Government faces criminal charges over Villawood suicide

Refugee supporters will hold a protest outside the Downing Street Centre, tomorrow, 9.00am Tuesday 27 April.

Inside the court, at 9.30am there will be a “mention hearing” of charges against the Australian government and the detention medical services provider over the suicide death of an Iraqi man in Villawood in 2019.

The charges – the first ever regarding a detainee death – are being laid against the government by the government’s own Work Health and Safety watchdog, Comcare, following an investigation into the health care relating to the Iraqi man’s death.

The charges allege that Home Affairs and IMHS failed ‘to comply with [its] health/safety duty and that exposes (sic) an individual to a risk of injury or death/serious injury’.

The case has the potential to expose the details of abuse and medical neglect that damages mental health and pushes detainees to take their own lives.

The charges against the Commonwealth regarding detention come years too late. In just the few months before the WHS Act was introduced (1 January 2012), there were five suicides in Australia’s detention regime.

And the investigation came too late to prevent the most recent suicide in Villawood in December 2020.
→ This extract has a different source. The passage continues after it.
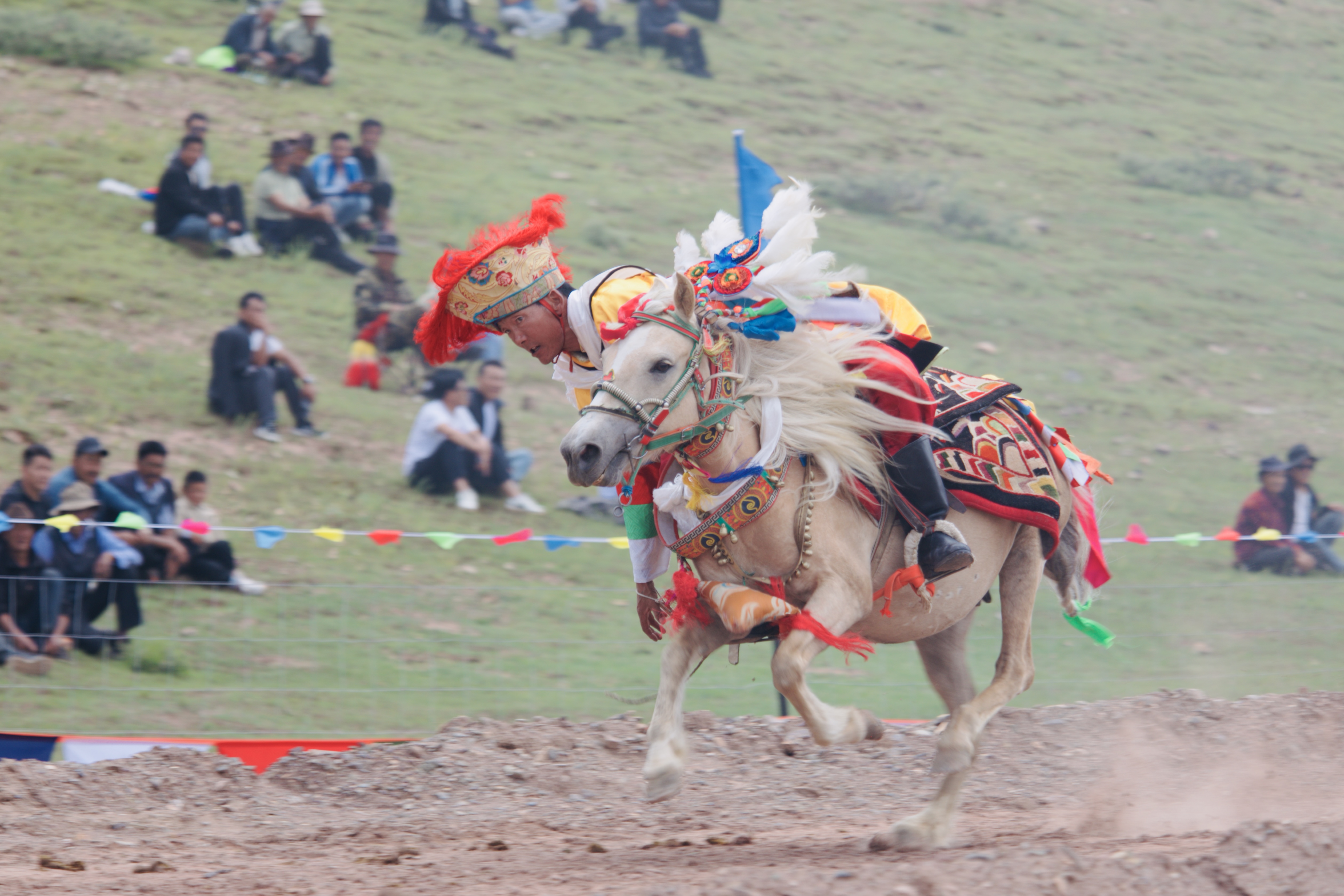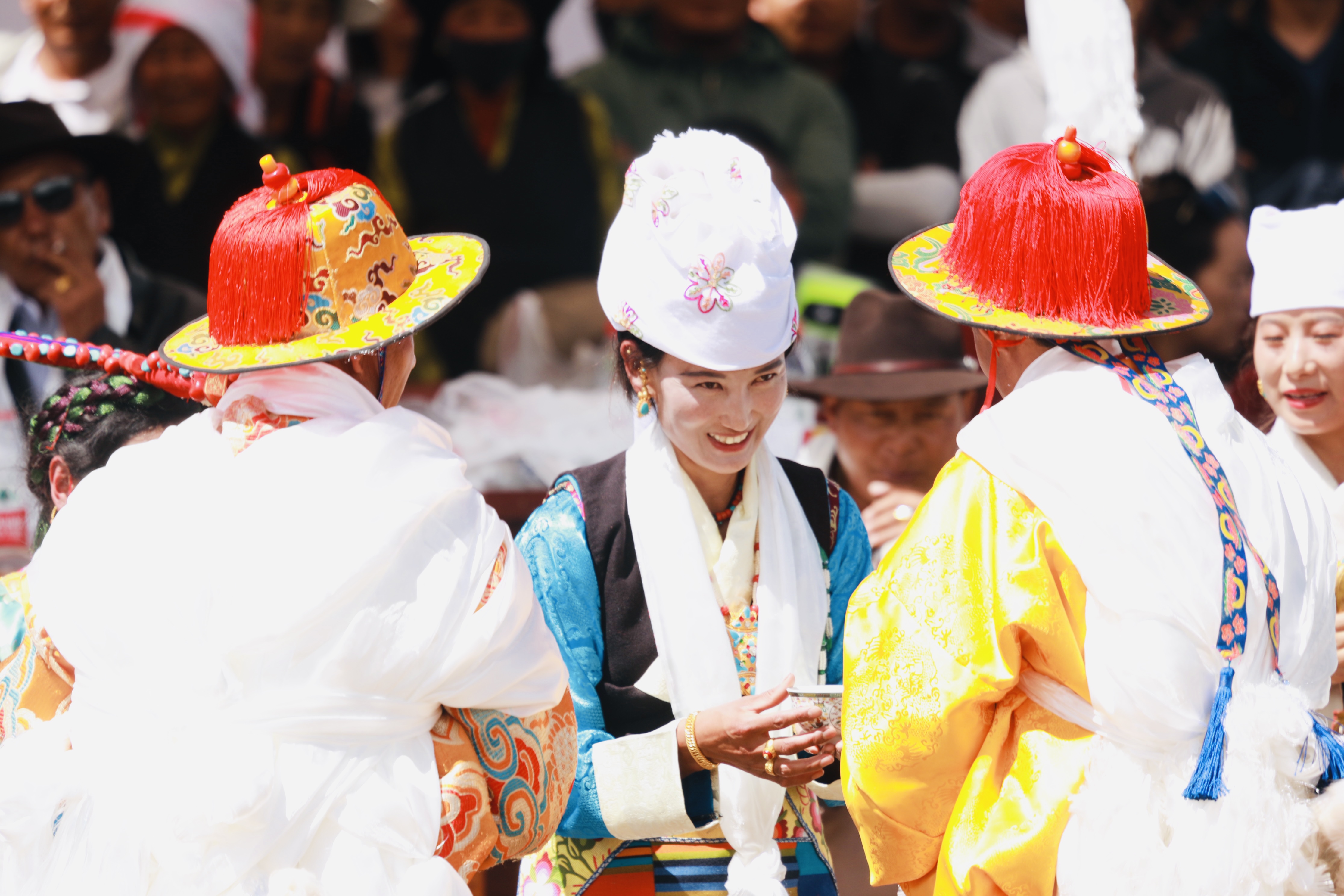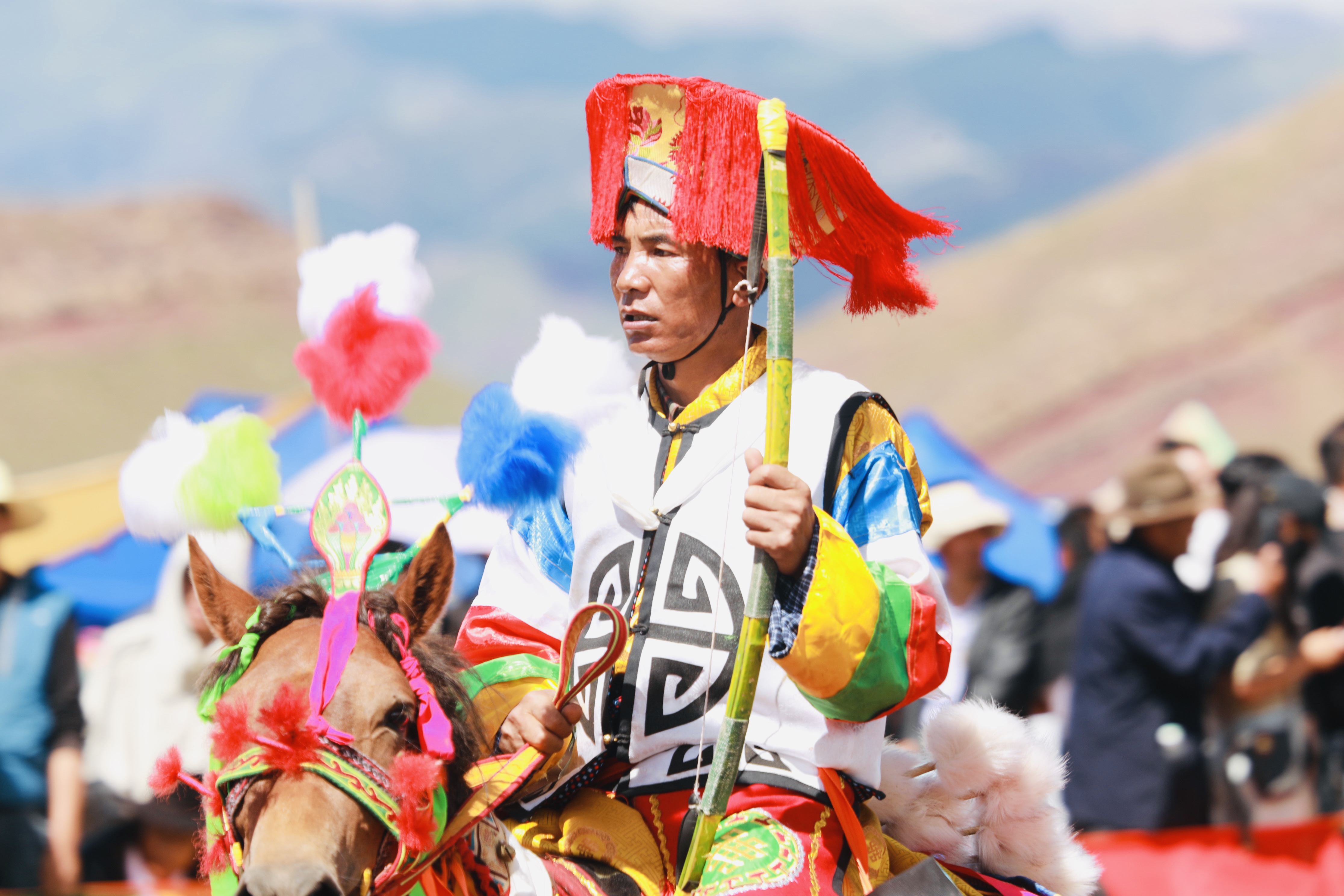 據(jù)悉,賽馬是西藏各地為慶祝豐收舉行“望果節(jié)”(賽馬節(jié))時(shí)的傳統(tǒng)慶典活動,是群眾最為喜愛、流傳最廣的體育運(yùn)動之一。圖為沖許嘛(藏語意為“敬酒者”)為騎手唱歌、敬酒、敬茶。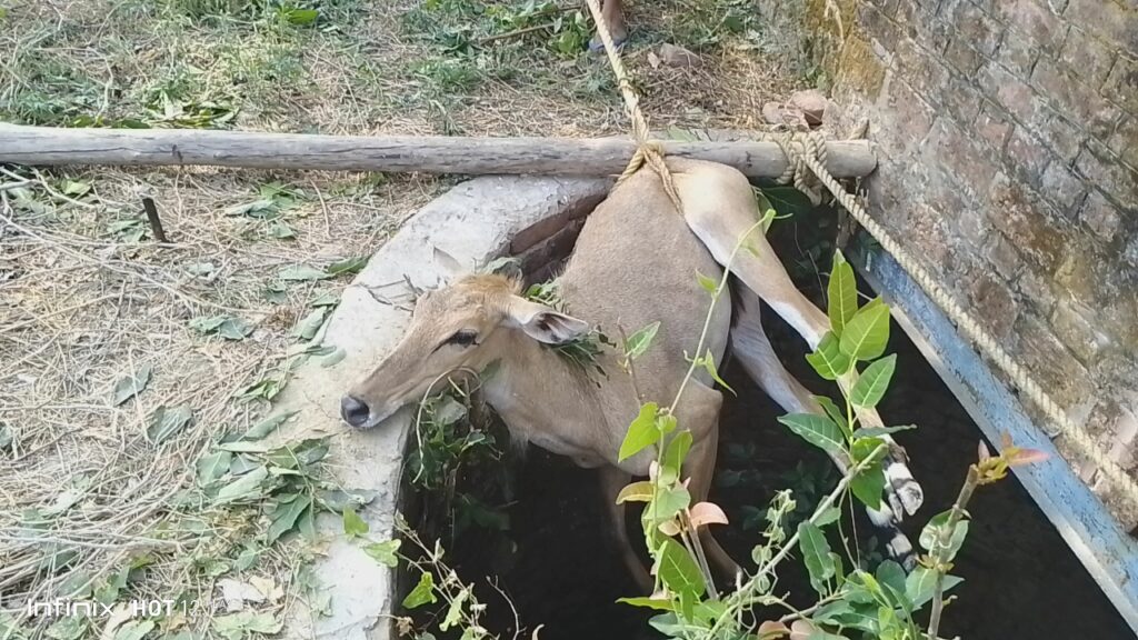 Jaunpur news जौनपुर जनपद के बरसठी ब्लॉक स्थित शाहापुर ग्राम सभा में एक ट्यूबवेल के सूखे कुएं में नीलगाय का एक बच्चा गिर गया। बताया जा रहा है कि रात के समय उछलते-कूदते हुए वह कुएं में जा गिरा। सौभाग्यवश कुएं में पानी नहीं था, जिससे कोई गंभीर चोट नहीं आई।

“Detention centres, and IHMS in particular, are notorious for the lack of care available inside Australia’s detention regime – onshore and offshore,” said Ian Rintoul, spokesperson for the Refugee Action Coalition.

“The prosecution of the government and IHMS is very welcome. Neither Ministers of Immigration, the government nor IHMS has ever been held accountable to the courts for their mistreatment of detainees.

“We are looking forward to the details of the negligence alleged by Comcare being publicly exposed in court. For too long the abuses in detention have been hidden behind a wall of secrecy.

“But the key to saving lives, and preventing the mental health distress is to abolish ‘the factories for mental illness’ and end the detention business altogether.”